Chinese Premier Li Keqiang (R, front) is welcomed upon his arrival at the Kuala Lumpur International Airport in Sepang, Malaysia, Nov. 20, 2015. Li arrived here Friday for a series of leaders' meetings on East Asian cooperation and an official visit to Malaysia. (Xinhua/Huang Jingwen)
Premier says two nations stand at new starting point in development of bilateral relations
Malaysian government officials and business leaders have high expectations of Premier Li Keqiang's first visit to Malaysia, saying Li's visit will definitely consolidate the thousand-year-long friendship between the two countries and will promote friendly and cooperative bilateral relations.[Special coverage]
Li arrived in Kuala Lumpur on Friday, to attend a series of annual leaders' meetings on East Asian cooperation and pay his first official visit to Malaysia till Monday.
Li will attend the 18th leaders' meeting between China and the Association of Southeast Asian Nations, the 18th ASEAN-China, Japan and Republic of Korea leaders' meeting, and the 10th East Asia Summit.
In a signed article published on Friday by major Malaysian newspapers ahead of his trip to the Southeast Asian nation, Li said China and Malaysia, standing at a new starting point for development in relations, should continue to view and grow bilateral ties from a strategic perspective.
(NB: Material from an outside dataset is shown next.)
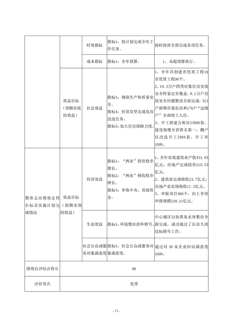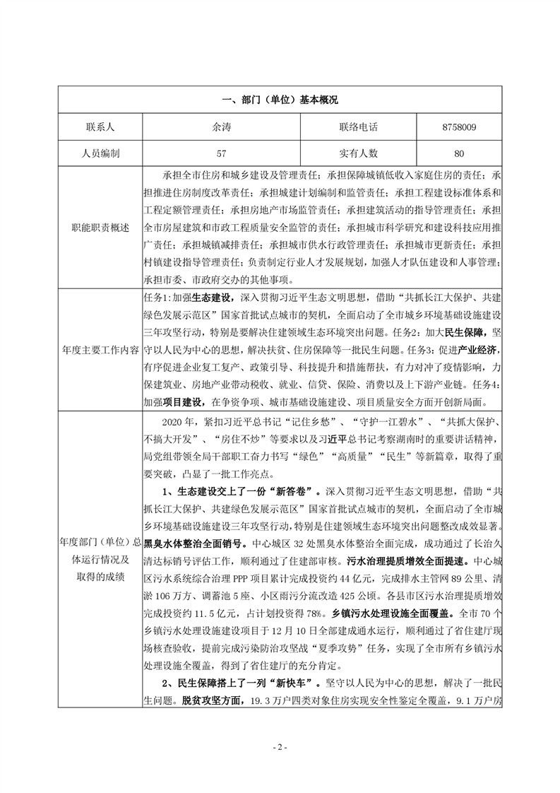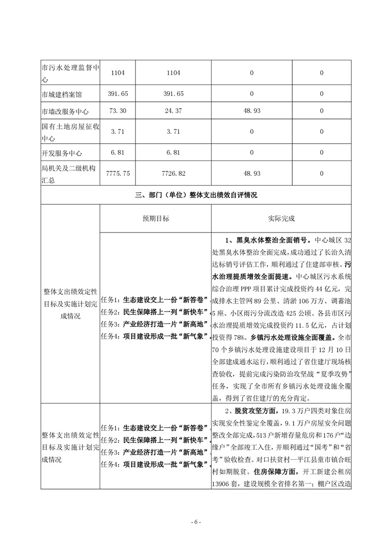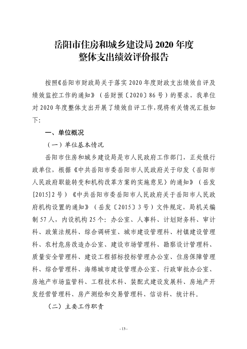 岳阳市住房和城乡建设局2020年度部门整体支出绩效评价自评报告

"I am no stranger to this beautiful country, as I visited Malaysia in 1996 when the Twin Towers of Kuala Lumpur were just completed," Li said, noting that Malaysia has witnessed impressive and admirable achievements in the past two decades.
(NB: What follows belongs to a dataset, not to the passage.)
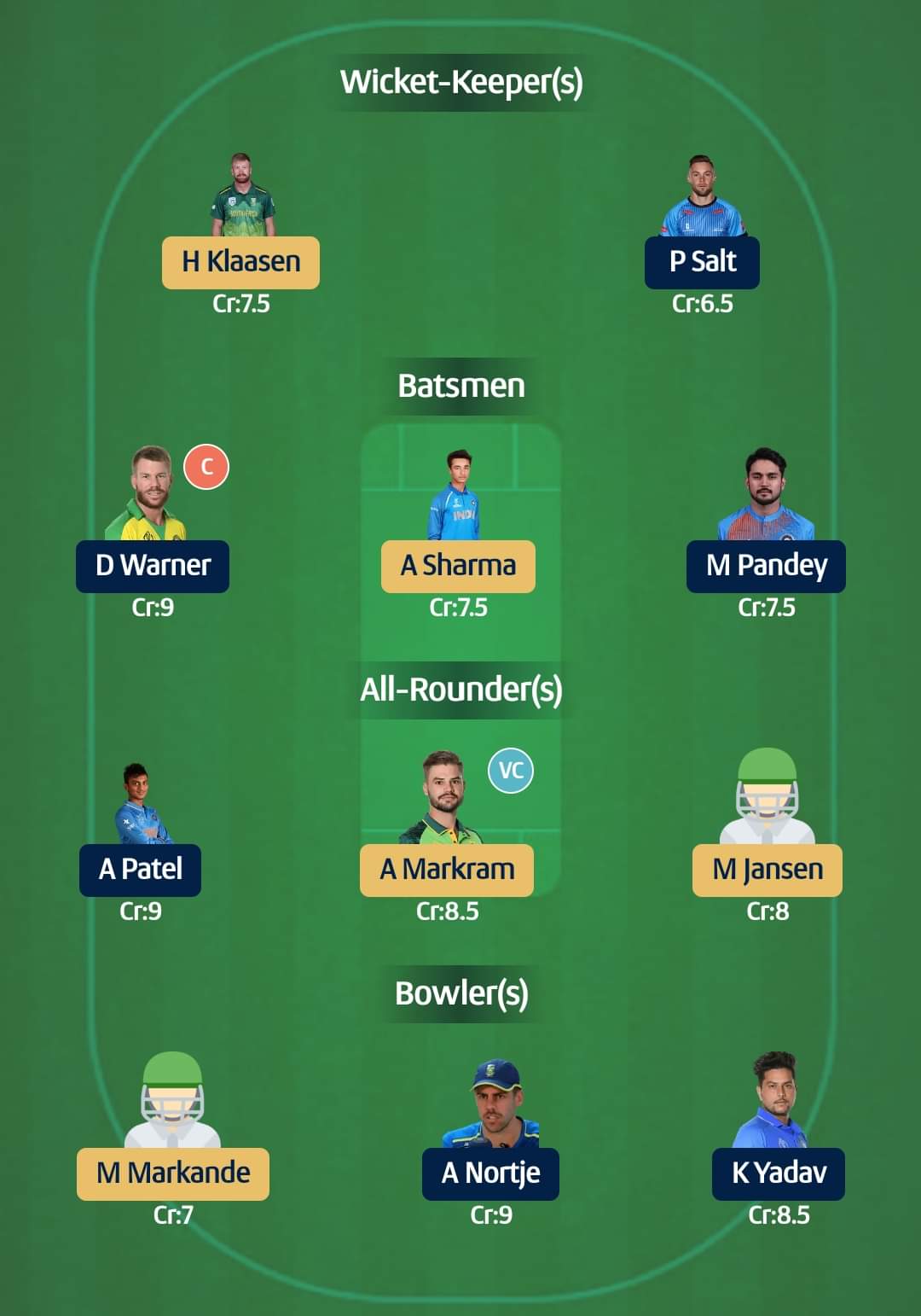 For Small League: David Warner (Captain), Aiden Markram (Vice-captain)

Dato' Goh Hin San, chairman of Malaysia Han Culture Center, who once met Li on his trip in the 90s, still has the vivid memories. According to Goh, the Malaysian-language version of Journey to the West, one of the classics of Chinese literature, will be released during Li's visit.
"This will be a new and brilliant chapter in the history of cultural exchange between the two countries," he added.
In Li's article, he noted that as China is advancing the Belt and Road Initiative, encouraging mass entrepreneurship and innovation, and transforming and upgrading its economic structure, Malaysia is also gearing toward all-around economic transformation with the New Economic Model aimed at more robust growth.
"I see this as offering each other a perfect opportunity to boost development," he said.
Malaysian International Trade and Industry Deputy Minister Datuk Lee Chee Leong said Li's visit will surely advance trade ties between China and Malaysia to a new level.
China has been Malaysia's largest trading partner for a long time, while Malaysia is China's largest trading partner among ASEAN's 10 member nations. In the first half of this year, the bilateral trade volume between the two nations reached nearly $48.9 billion, an increase of 1.6 percent year-on-year.
Premier Li, in his article, also hailed the achievements which China and Malaysia have made in interactions in politics, economy and people-to-people exchanges. Li said the two countries' development strategies have much in common.
Oh Ei Sun, former political secretary to the prime minister of Malaysia from 2009 to 2011, said under the circumstances of an unstable global economic and increasing terrorist attacks, Li's visit has a significant strategic meaning.
"The two nations' relationship has already been raised to a strategic partnership. China and Malaysia should collaborate more in fighting terrorism and building a peaceful and prosperous regional environment, in addition to economic cooperation," he added.